Department of Biosciences and Nutrition, Center for Innovative Medicine, Karolinska Institutet, Huddinge, Sweden.
Department of Biosciences and Nutrition, Center for Innovative Medicine, Karolinska Institutet, Huddinge, Sweden
Biochem Soc Trans. 2017 Dec 15;45(6):1279-1293. doi: 10.1042/BST20170141. Epub 2017 Nov 10.
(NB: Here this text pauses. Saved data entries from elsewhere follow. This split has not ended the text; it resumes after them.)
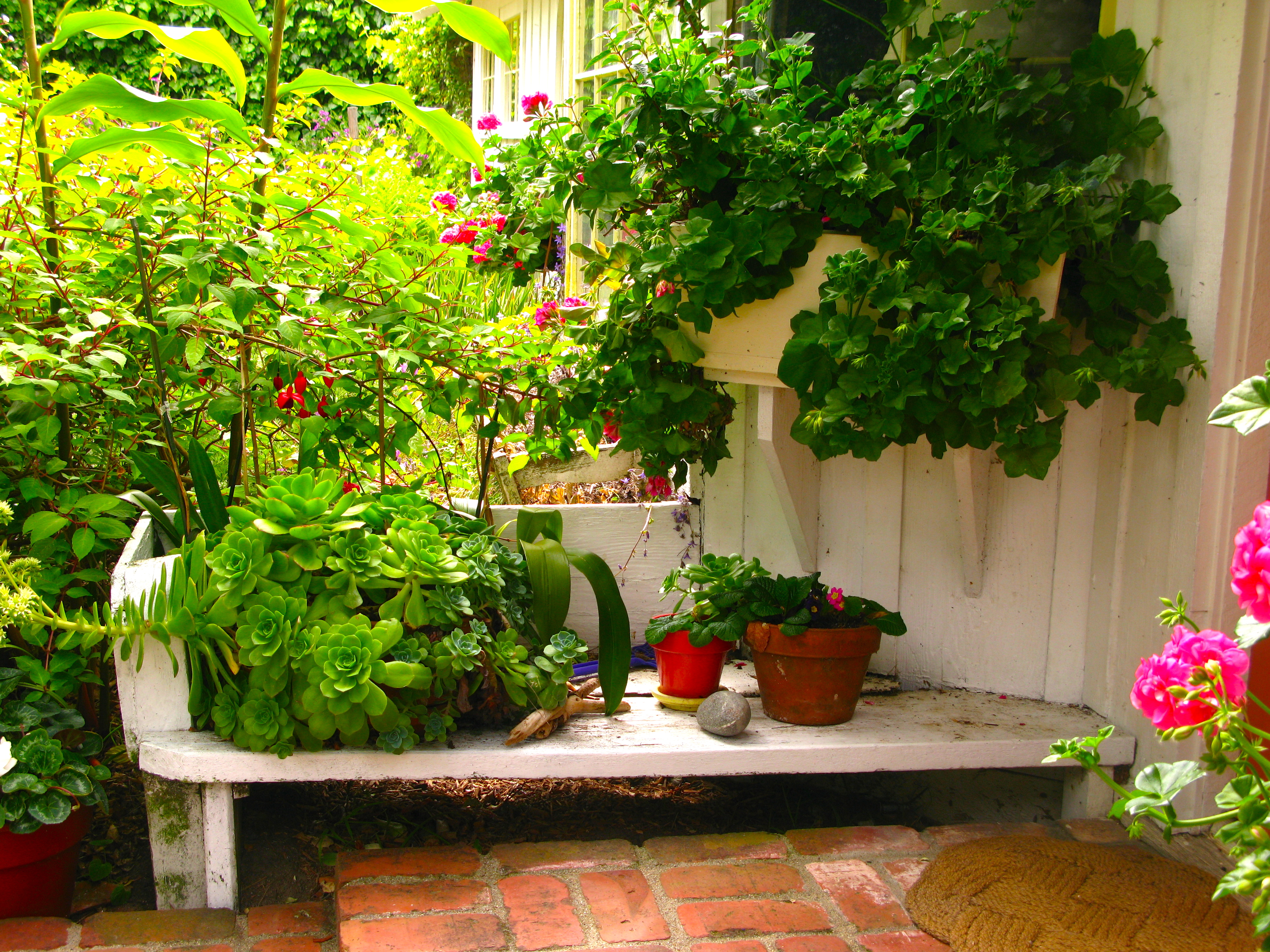 To the east is this tiered planter filled with potted succulents and cyclamen .
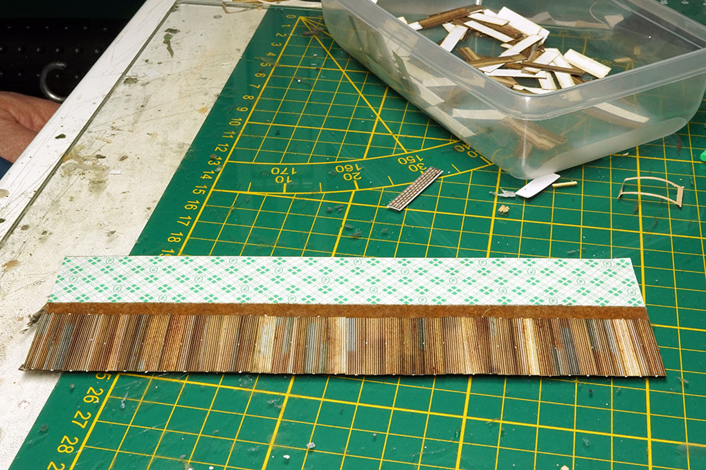 Dit zijn kleine geprinte strips golfplaten , die ik met transfer tape bevestigd heb , daarna met de markers van Action wat minder fel heb gemaakt en straks ook nog met poeders bewerkt worden , maar dat is voor morgen.
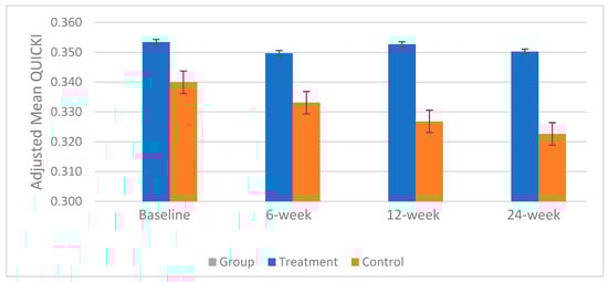 The mean ± SE QUICKI at baseline was slightly higher in the treatment group compared to the control group (0.35 ± 0.01 vs. 0.34 ± 0.01); however, the difference was not statistically significant. Race demonstrated a significant interaction with the QUICKI and was therefore included as a covariate in the analysis. Throughout this study, the mean QUICKI remained almost stable in the treatment group, while it declined in the control group (from 0.34 ± 0.01 to 0.32 ± 0.01), which resulted in a statistically significant difference between the groups at week 24 (p < 0.02). The adjusted mean QUICKI changes over the study period for both groups are shown in Figure 1.
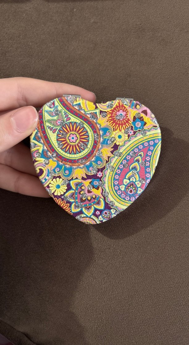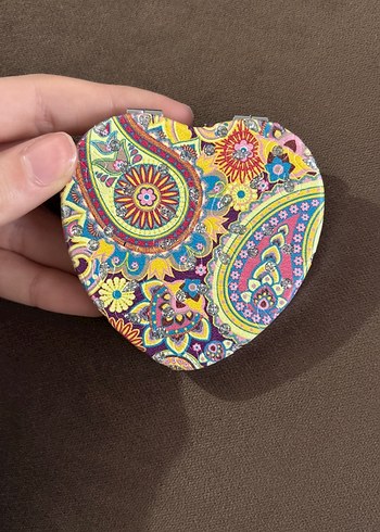 Kalp şeklinde, renkli çiçek ve paisley desenli, boncuk detaylı ayna. Bohem tarzını yansıtır.
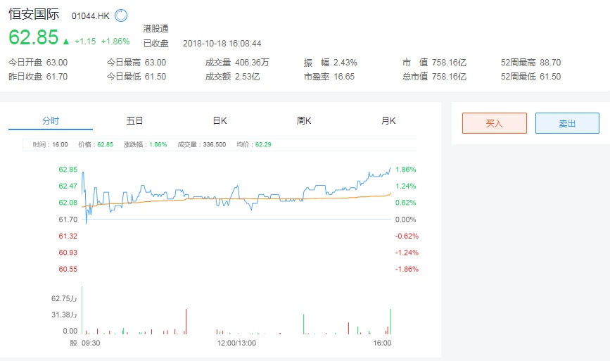截至今日收盘,恒安国际(01044)报62.85港元,跌1.15或1.86%。
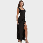 Amira este rochia lungă perfectă pentru vară, cu bretele subțiri și confecționată din fibre ușoare de tergal. Croiala ajustată și talia înaltă pun în valoare corpul, oferind un look sofisticat.
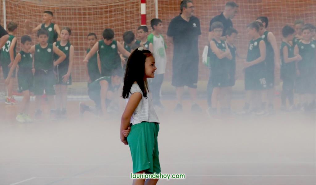 Ocho escuelas y diez equipos federados fueron saliendo entre los aplausos de los espectadores, la mayoría familiares y amigos de los jugadores, siendo 114 y 82 los baloncestistas respectivos de ambos grupos. Destaca también que tras una década hay una escuadra exclusivamente femenina y que el conjunto preinfantil masculino compareció con los trofeos de subcampeones regionales conquistados por la mañana.
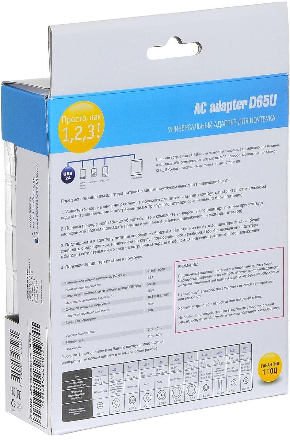 | Комплектация | Блок питания для ноутбука Ippon D65U, шнур питания для подключения к сети переменного тока, комплект выходных разъемов M1-M8, руководство пользователя |
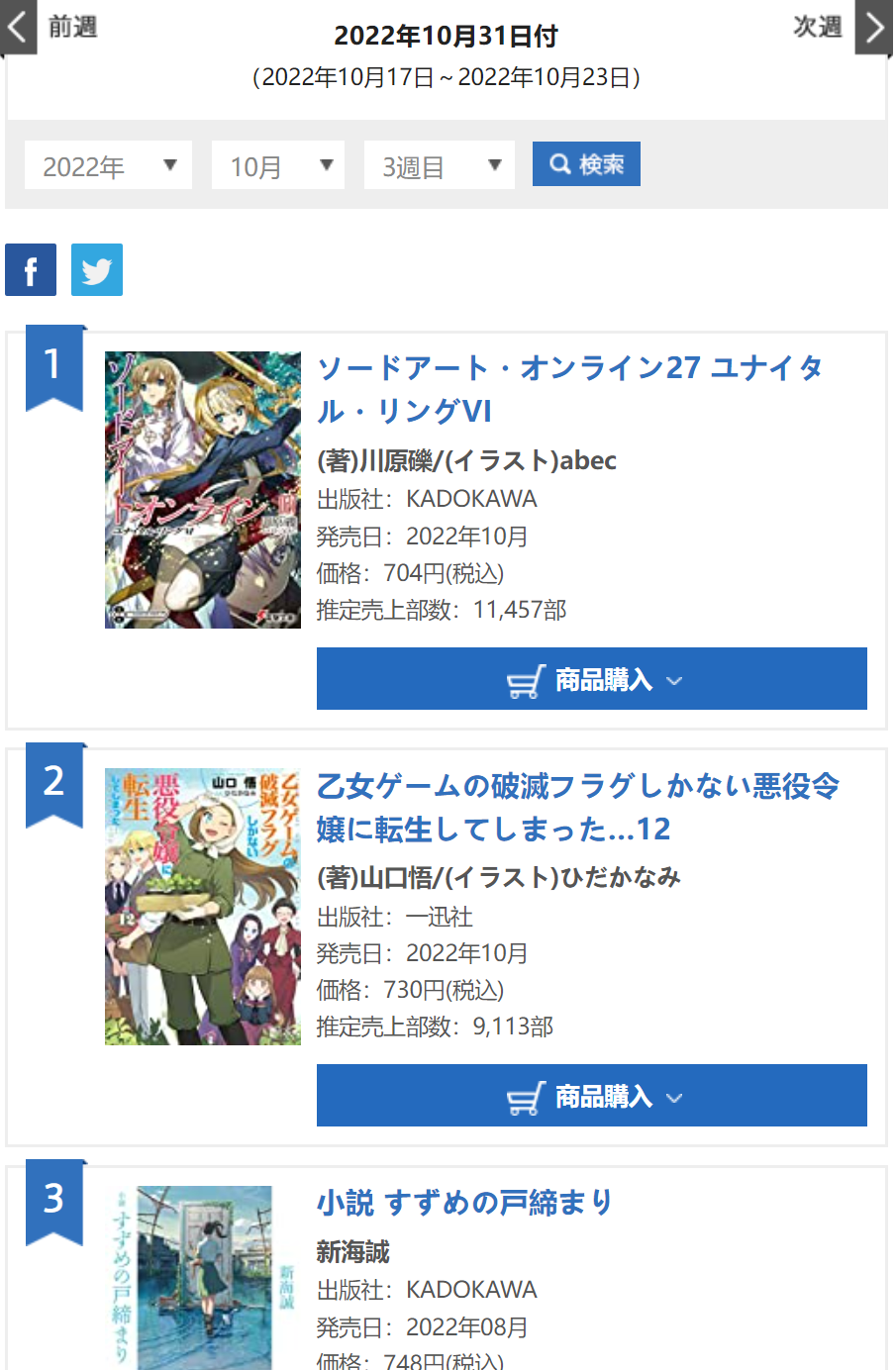 就在2022年的此時此刻,發售不久的《刀劍神域》第27卷仍是日本10月份輕小説銷量榜首。

Hutchinson-Gilford progeria syndrome (HGPS, progeria) is an extremely rare premature aging disorder affecting children, with a disease incidence of ∼1 in 18 million individuals. HGPS is usually caused by a point mutation in exon 11 of the gene (c.1824C>T, p.G608G), resulting in the increased usage of a cryptic splice site and production of a truncated unprocessed lamin A protein named progerin. Since the genetic cause for HGPS was published in 2003, numerous potential treatment options have rapidly emerged. Strategies to interfere with the post-translational processing of lamin A, to enhance progerin clearance, or directly target the HGPS mutation to reduce the progerin-producing alternative splicing of the gene have been developed. Here, we give an up-to-date resume of the contributions made by our and other research groups to the growing list of different candidate treatment strategies that have been tested, both , in mouse models for HGPS and in clinical trials in HGPS patients.
亨廷顿氏舞蹈症-吉福德早衰综合征(HGPS,早衰症)是一种罕见的儿童早发性进行性衰老疾病,发病率约为每 1800 万人中有 1 例。HGPS 通常由 基因第 11 外显子中的点突变(c.1824C>T,p.G608G)引起,导致隐匿剪接位点的增加使用和产生名为 progerin 的截断未加工的核纤层 A 蛋白。自 2003 年发表 HGPS 的遗传病因以来,迅速出现了许多潜在的治疗选择。已经开发了各种策略来干扰核纤层 A 的翻译后加工、增强 progerin 清除或直接针对 HGPS 突变以减少 基因产生 progerin 的选择性剪接。在这里,我们总结了我们和其他研究小组对不断增加的不同候选治疗策略的贡献,这些策略已在 HGPS 的小鼠模型和 HGPS 患者的临床试验中进行了测试。